### Problem statement
Give back the lines below exactly, but do not include any pictures.
Records for this task section start
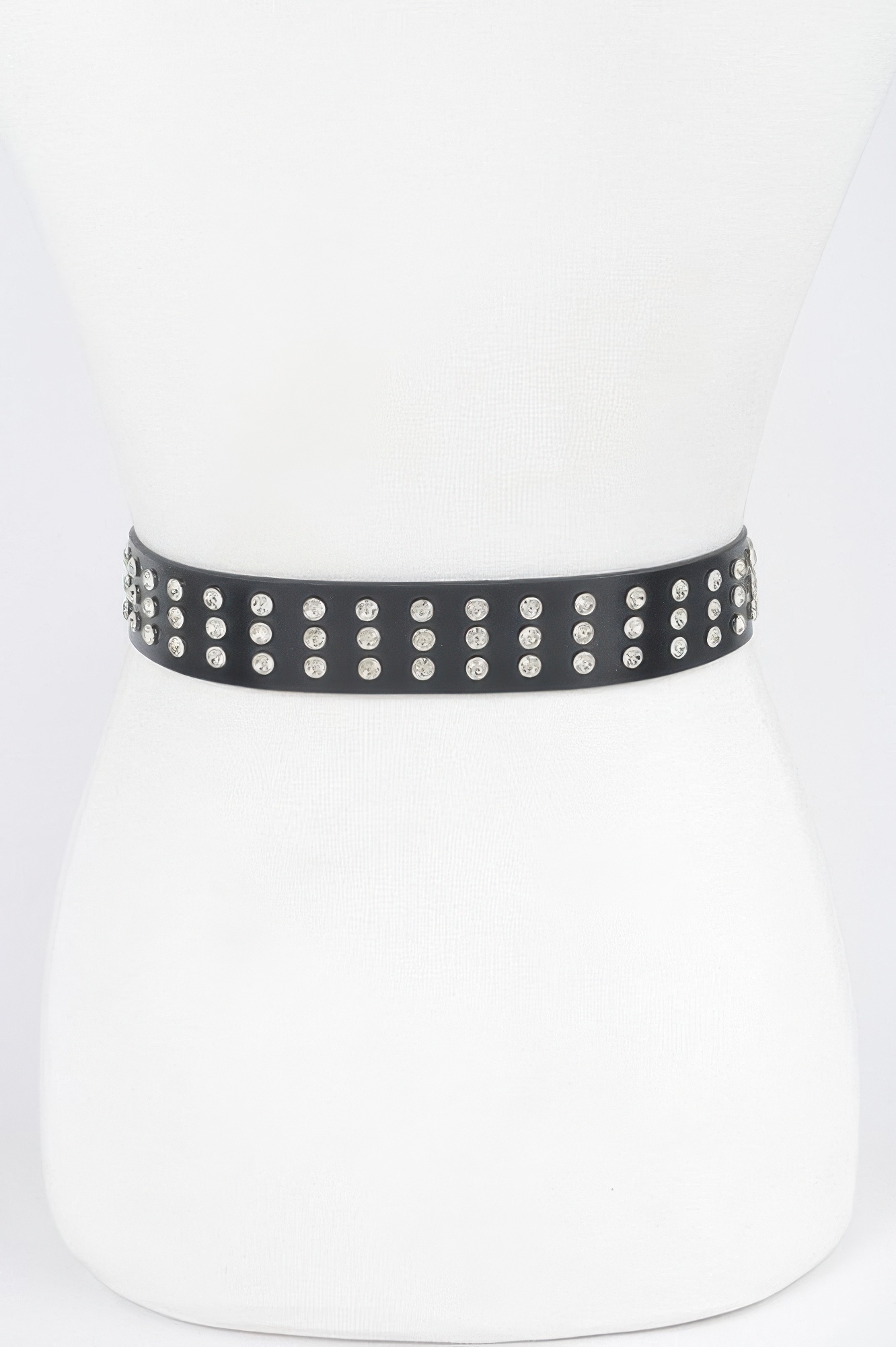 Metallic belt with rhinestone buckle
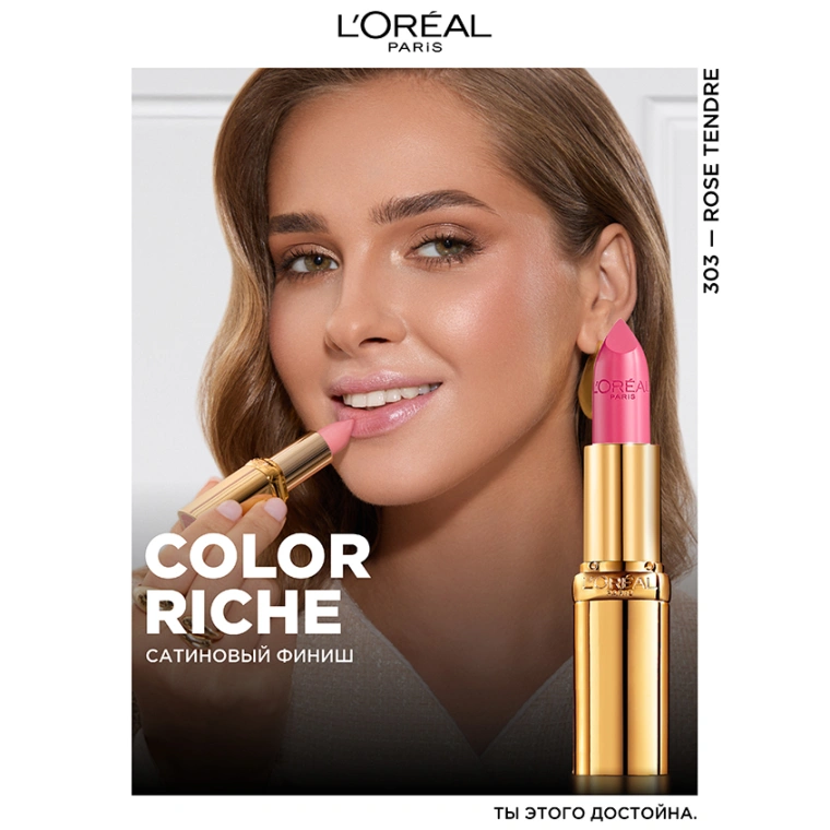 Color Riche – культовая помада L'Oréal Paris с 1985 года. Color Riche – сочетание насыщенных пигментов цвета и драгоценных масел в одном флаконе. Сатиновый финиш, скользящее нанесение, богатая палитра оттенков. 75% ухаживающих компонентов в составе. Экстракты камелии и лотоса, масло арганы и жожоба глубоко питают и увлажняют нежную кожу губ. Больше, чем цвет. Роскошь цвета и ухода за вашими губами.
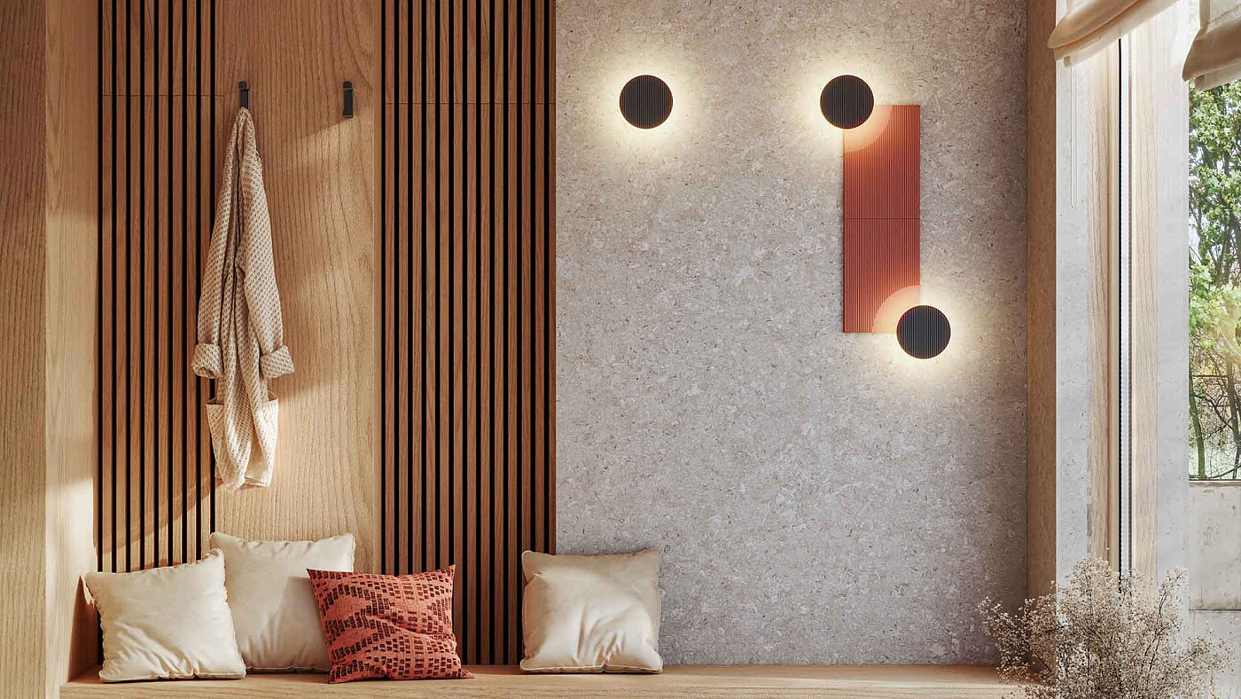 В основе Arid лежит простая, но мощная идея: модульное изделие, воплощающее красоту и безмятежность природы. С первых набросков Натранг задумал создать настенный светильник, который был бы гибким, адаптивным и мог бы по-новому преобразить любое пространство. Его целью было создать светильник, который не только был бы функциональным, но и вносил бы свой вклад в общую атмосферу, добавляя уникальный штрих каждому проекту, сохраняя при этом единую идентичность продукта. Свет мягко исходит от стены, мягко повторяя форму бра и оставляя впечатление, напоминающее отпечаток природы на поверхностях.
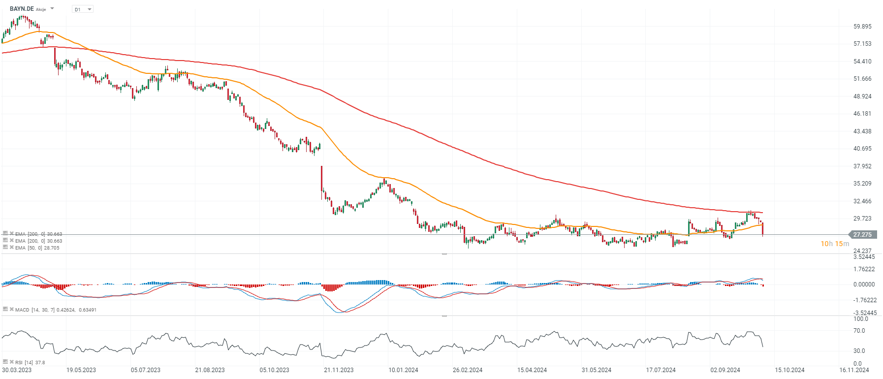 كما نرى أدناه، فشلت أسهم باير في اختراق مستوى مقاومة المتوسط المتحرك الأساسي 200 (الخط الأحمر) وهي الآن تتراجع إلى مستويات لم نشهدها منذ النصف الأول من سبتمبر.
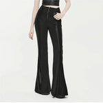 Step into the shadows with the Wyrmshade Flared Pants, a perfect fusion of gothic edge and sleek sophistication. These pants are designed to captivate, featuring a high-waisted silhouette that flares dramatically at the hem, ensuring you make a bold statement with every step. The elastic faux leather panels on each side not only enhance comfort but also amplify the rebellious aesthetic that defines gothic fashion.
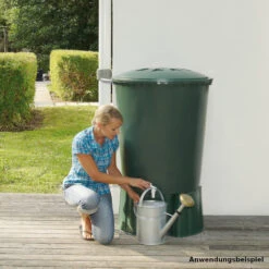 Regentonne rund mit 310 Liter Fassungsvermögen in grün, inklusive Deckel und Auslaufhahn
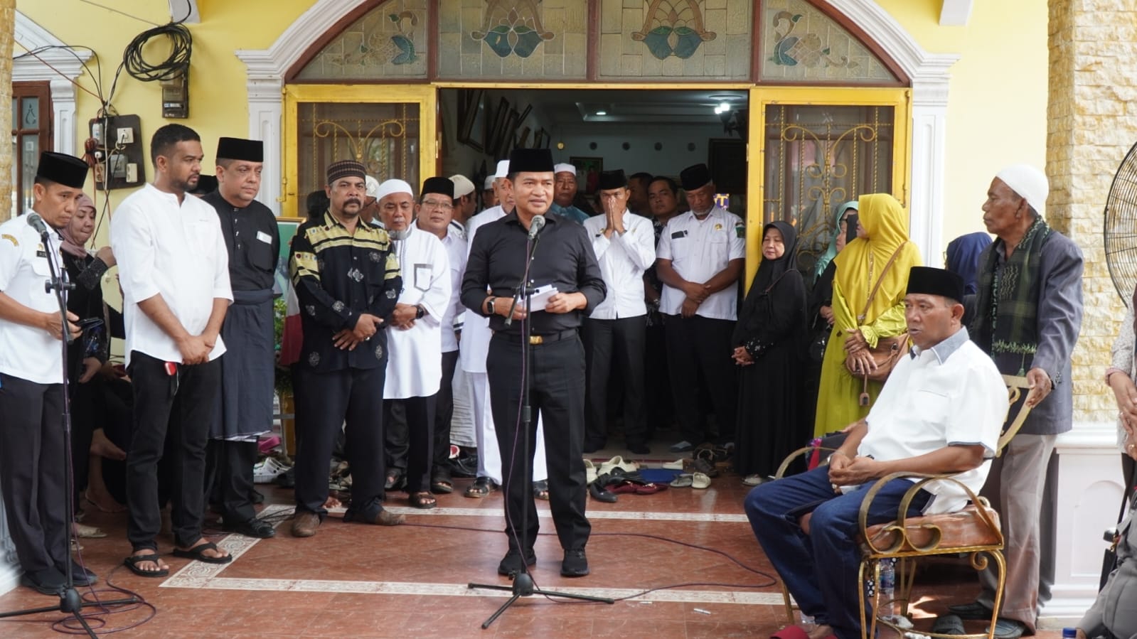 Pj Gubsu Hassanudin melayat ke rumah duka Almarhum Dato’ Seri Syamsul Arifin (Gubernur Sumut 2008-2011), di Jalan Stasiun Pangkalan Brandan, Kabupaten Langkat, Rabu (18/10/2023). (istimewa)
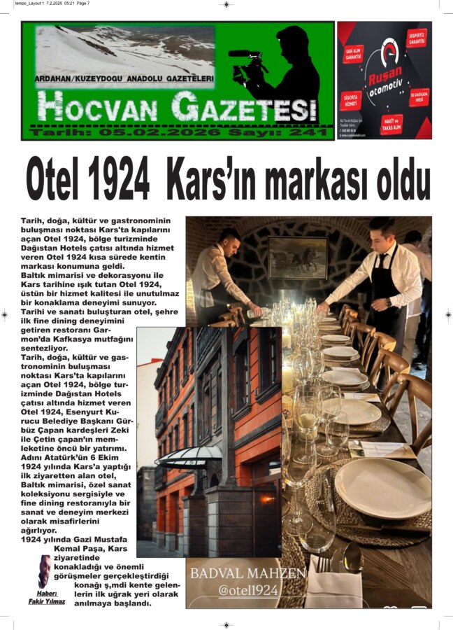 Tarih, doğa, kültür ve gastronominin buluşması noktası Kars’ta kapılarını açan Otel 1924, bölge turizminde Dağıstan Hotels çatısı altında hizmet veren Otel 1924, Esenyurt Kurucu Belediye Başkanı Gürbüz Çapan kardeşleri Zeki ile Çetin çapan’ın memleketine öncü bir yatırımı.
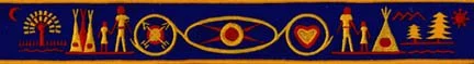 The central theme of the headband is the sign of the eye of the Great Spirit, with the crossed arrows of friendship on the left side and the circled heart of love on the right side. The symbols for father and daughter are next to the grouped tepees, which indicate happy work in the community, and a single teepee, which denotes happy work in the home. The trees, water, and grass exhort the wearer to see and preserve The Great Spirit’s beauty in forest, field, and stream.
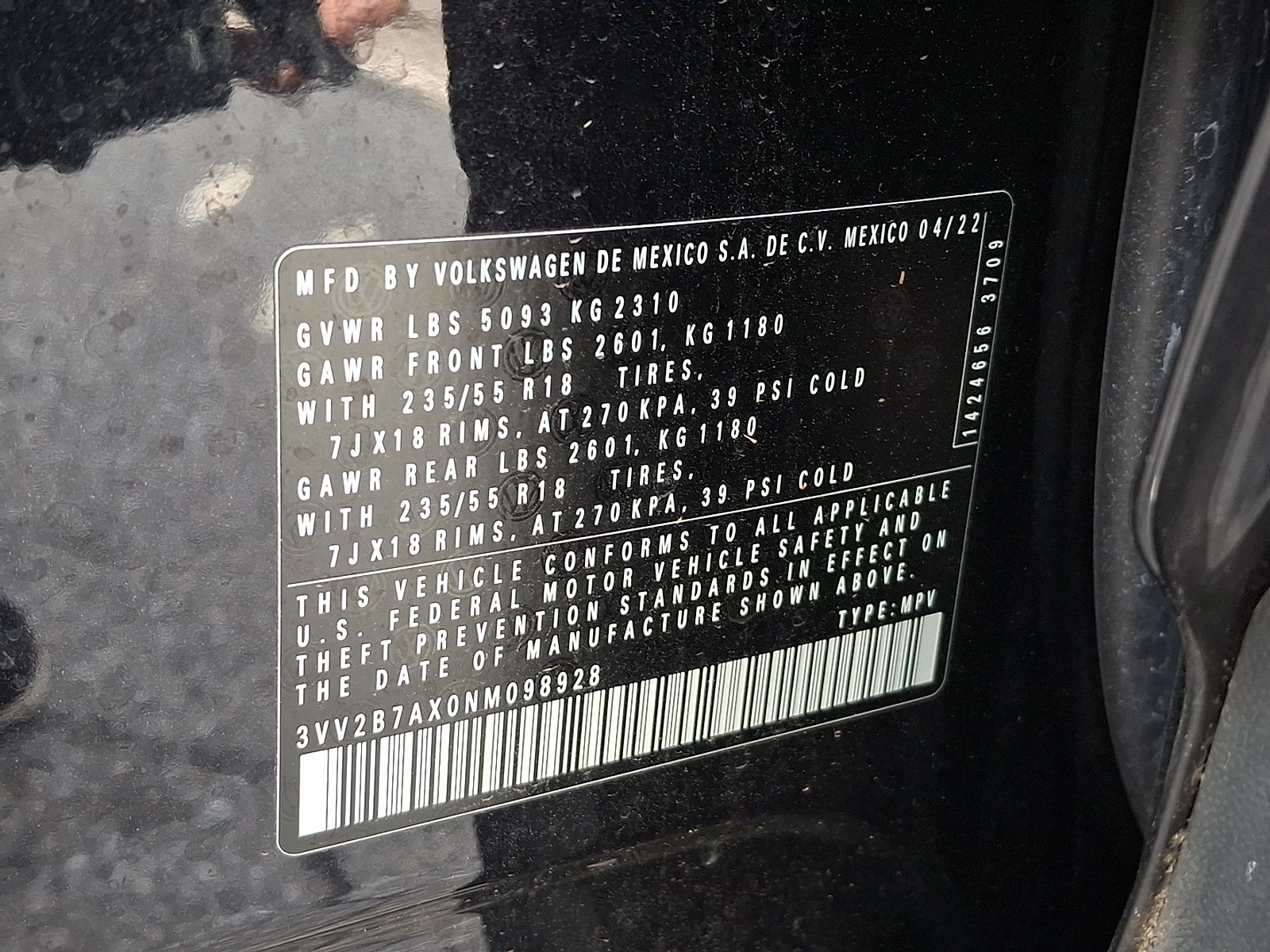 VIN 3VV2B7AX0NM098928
Records for this task section end
### Answer section
 Metallic belt with rhinestone buckle
 Color Riche – культовая помада L'Oréal Paris с 1985 года. Color Riche – сочетание насыщенных пигментов цвета и драгоценных масел в одном флаконе. Сатиновый финиш, скользящее нанесение, богатая палитра оттенков. 75% ухаживающих компонентов в составе. Экстракты камелии и лотоса, масло арганы и жожоба глубоко питают и увлажняют нежную кожу губ. Больше, чем цвет. Роскошь цвета и ухода за вашими губами.
 В основе Arid лежит простая, но мощная идея: модульное изделие, воплощающее красоту и безмятежность природы. С первых набросков Натранг задумал создать настенный светильник, который был бы гибким, адаптивным и мог бы по-новому преобразить любое пространство. Его целью было создать светильник, который не только был бы функциональным, но и вносил бы свой вклад в общую атмосферу, добавляя уникальный штрих каждому проекту, сохраняя при этом единую идентичность продукта. Свет мягко исходит от стены, мягко повторяя форму бра и оставляя впечатление, напоминающее отпечаток природы на поверхностях.
 كما نرى أدناه، فشلت أسهم باير في اختراق مستوى مقاومة المتوسط المتحرك الأساسي 200 (الخط الأحمر) وهي الآن تتراجع إلى مستويات لم نشهدها منذ النصف الأول من سبتمبر.
 Step into the shadows with the Wyrmshade Flared Pants, a perfect fusion of gothic edge and sleek sophistication. These pants are designed to captivate, featuring a high-waisted silhouette that flares dramatically at the hem, ensuring you make a bold statement with every step. The elastic faux leather panels on each side not only enhance comfort but also amplify the rebellious aesthetic that defines gothic fashion.
 Regentonne rund mit 310 Liter Fassungsvermögen in grün, inklusive Deckel und Auslaufhahn
 Pj Gubsu Hassanudin melayat ke rumah duka Almarhum Dato’ Seri Syamsul Arifin (Gubernur Sumut 2008-2011), di Jalan Stasiun Pangkalan Brandan, Kabupaten Langkat, Rabu (18/10/2023). (istimewa)
 Tarih, doğa, kültür ve gastronominin buluşması noktası Kars’ta kapılarını açan Otel 1924, bölge turizminde Dağıstan Hotels çatısı altında hizmet veren Otel 1924, Esenyurt Kurucu Belediye Başkanı Gürbüz Çapan kardeşleri Zeki ile Çetin çapan’ın memleketine öncü bir yatırımı.
 The central theme of the headband is the sign of the eye of the Great Spirit, with the crossed arrows of friendship on the left side and the circled heart of love on the right side. The symbols for father and daughter are next to the grouped tepees, which indicate happy work in the community, and a single teepee, which denotes happy work in the home. The trees, water, and grass exhort the wearer to see and preserve The Great Spirit’s beauty in forest, field, and stream.
 VIN 3VV2B7AX0NM098928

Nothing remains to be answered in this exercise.